Conclusions: Children mourn in a different way from
adults. Their grief may not be easily detected. The proper way of informing
the child, the encouragement to the expression of feelings, the
living memories of their late parent and the participation in the family
grieving process (both for children and adults) are not causes of further stress
and anxiety but lead to a better way of resolving the grieving process,
offering comfort and relief. Young children between the age of 2 – 5 years require repeated
explanations
of what has happened. Older children of
5-8 years of age need to be given the opportunity to ask questions and to be given as
much information as possible to allow them to adjust. They may be very
interested in the death rituals. Increasing awareness of their own
mortality and the fear and insecurity that this can cause is more apparent
on children of 8-12 years old. They need to know details and
may seek answers to very specific questions. Teenagers may find it easier to discuss their feelings with a
sympathetic friend or adult than close family member,
although death increases anxieties about the future, and may
question the meaning of life and experience depression. They may be having difficulty coming
to terms with their own mortality and that of those
close to them and cope by refusing to contemplate the possibility of death by
experimenting with risk taking behaviour. Adults who have
the closest knowledge of the circumstances of the loss, and of the feelings and thoughts
of the loved one in the last moments, should share
that knowledge with those who couldn't be present at those
moments. They should provide the essential details
of loss to all family members, including children. Children
who don't have a personal knowledge of the circumstances
or were not present at the time of the loss, needn't be afraid of asking for such details.

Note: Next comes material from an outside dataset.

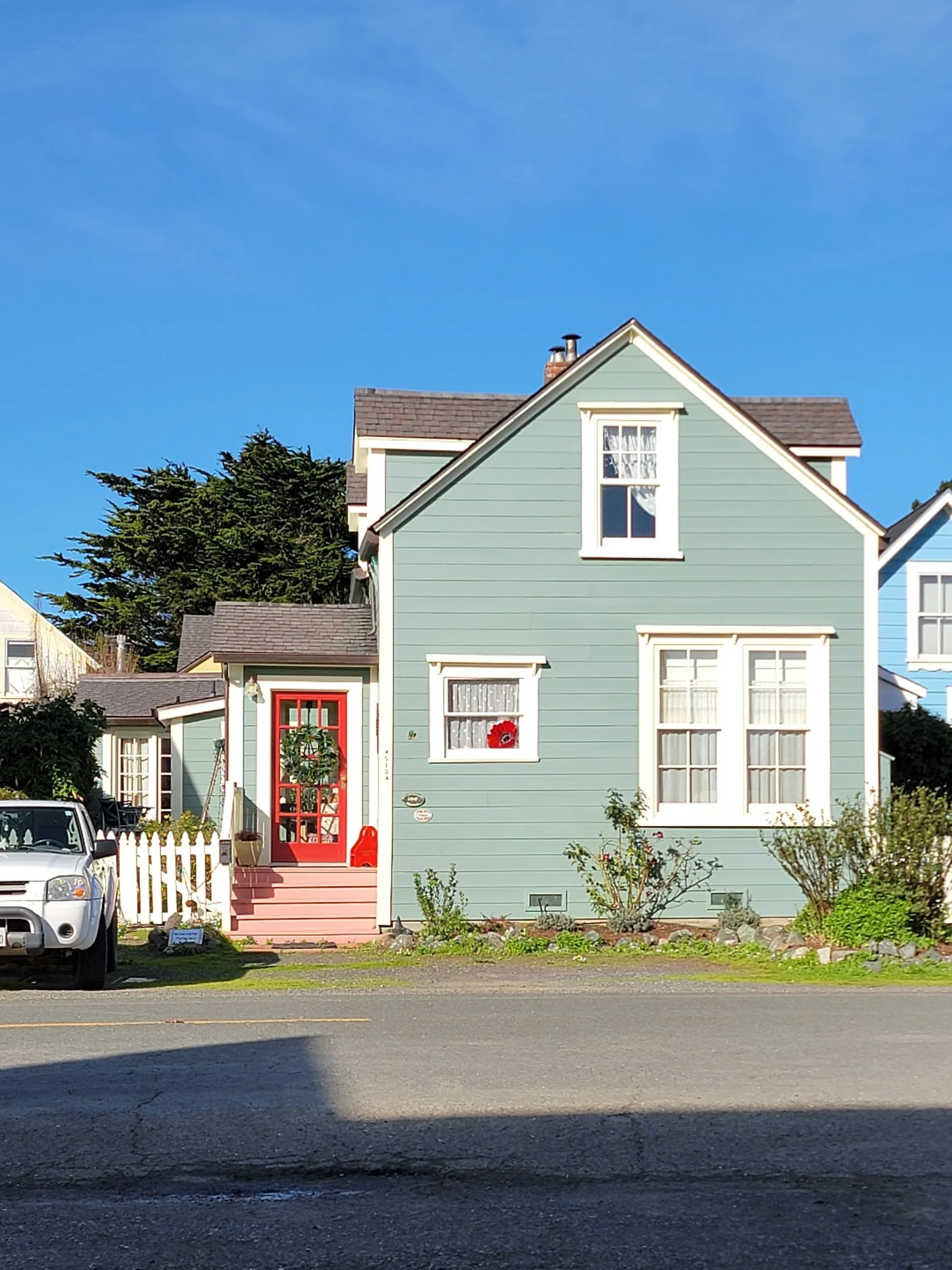 I love the color play on the houses, the long shadows, the light that darts around corners. I love the quaintness of the village, the people strolling around hungry for the peace found here at the edge of the earth. How blessed I feel to be parked here, my home.

They have to be encouraged to open communication regarding the facts
and circumstances of the loss. In families, where members do not share the loss-related
facts, do not express feelings and thoughts related
to loss, their emotions tend to go underground, and then resurface
in the form of symptomatic behaviors such as, decline in performance, alcoholism, drug abuse, acting
out behaviors, or physical illnesses.